The 1/100 accounts for the resistor between a-b and the 2/(1+2n) accounts for the two loops with an odd number of resistors.

Plugging the above into maple (I'm way to lazy to actually figure this out for myself) tells me to expect a resistance of about 0.0997 ohms.

If you remove the 100 ohm resistor a-b (using my crazy logic from above) you get about 15 ohms.

Last edited: Apr 23, 2005
7. Apr 23, 2005

### jdavel

faust9,

"....Plugging the above into maple (I'm way to lazy to actually figure this out for myself) tells me to expect a resistance of about 0.0997 ohms.

If you remove the 100 ohm resistor a-b (using my crazy logic from above) you get about 15 ohms...."

So 100 ohms in parallel with 15 ohms is about .1 ohms? I don't think so!

8. Apr 23, 2005

### faust9

By removing the 100 ohm resistor you have two loops of 300 ohms which the parallel resistance of that would be 150 ohms. Now stack on an infinite number of loops and you would indeed get 15 ohms. I don't know how you came up with 100 in parallel with 15 because you can't simply remove one component and say oh its X thus if I put that component back in it's obvously some f(x)... It's not. If you want you can see it illustrated above in this post by willib who correctly showed that a 100 ohm in parallel with two 300 ohm loops yields 60 ohms ( http://www.google.com/search?num=100&hl=en&lr=&safe=off&q=(1/100+2/300)^-1&btnG=Search ).
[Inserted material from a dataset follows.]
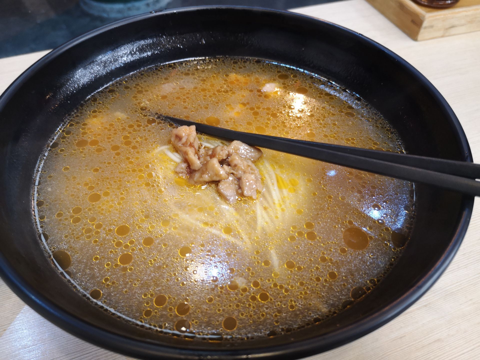 在工作日的五点半进店,一楼都快坐满了。 店分上下两层,生意一直很好。 辣肉面也比较淡
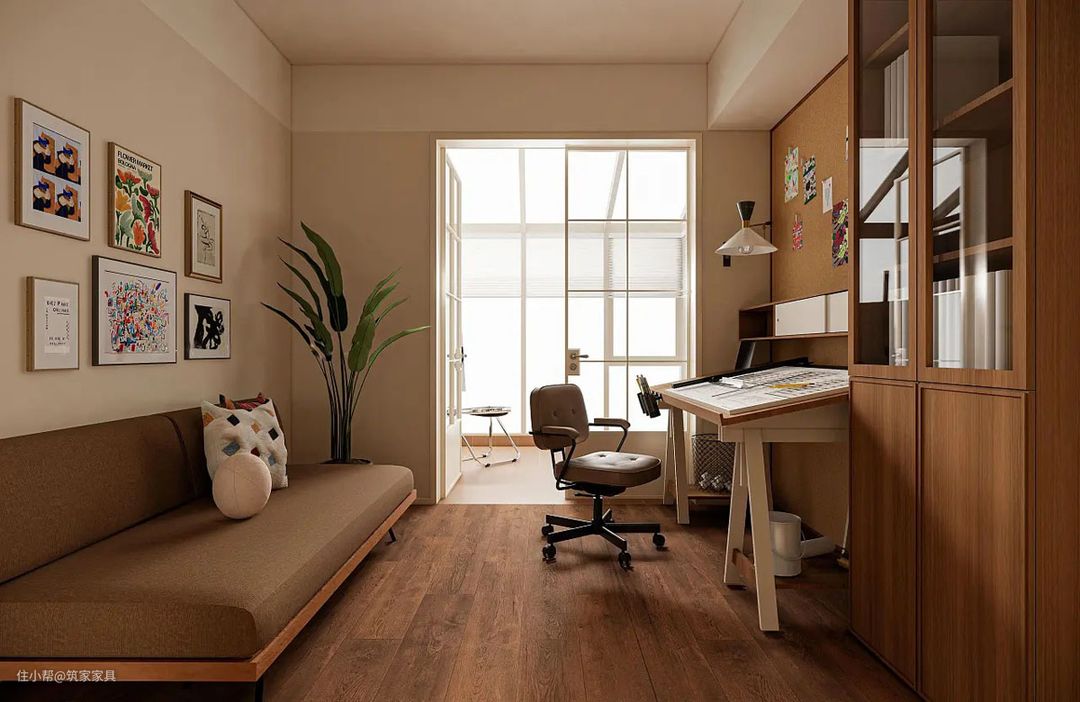 在建筑师的工作室里,一张小沙发是一个舒适的休息区,供人们沉思和喝咖啡休息。

Basically, what maple is saying is that as the number of elements approaches infinity, the resulting resistance approaches zero. It's probably is true for both cases (with or with out the 100 ohm resistor--I didn't use the indefinate sun function) but like I said, I'm too lazy to integrate the summation eqn (which does work).

9. Apr 23, 2005

### jdavel

faust,

The resistance of the infinite array is not zero. If that were true then if you had a big sheet of material with some given resistivity, then the resistance between two nearby points in the middle of the sheet would have to be nearly zero, and it's not. As the sheet gets bigger, the resistance approaches some limit, but the that limit isn't zero.

10. Apr 27, 2005

### Averagesupernova

BUMP!

Just curious. AntonVrba are you watching this thread? Do you have any comments on what several have posted here?

11. May 9, 2005

### Averagesupernova

Once again...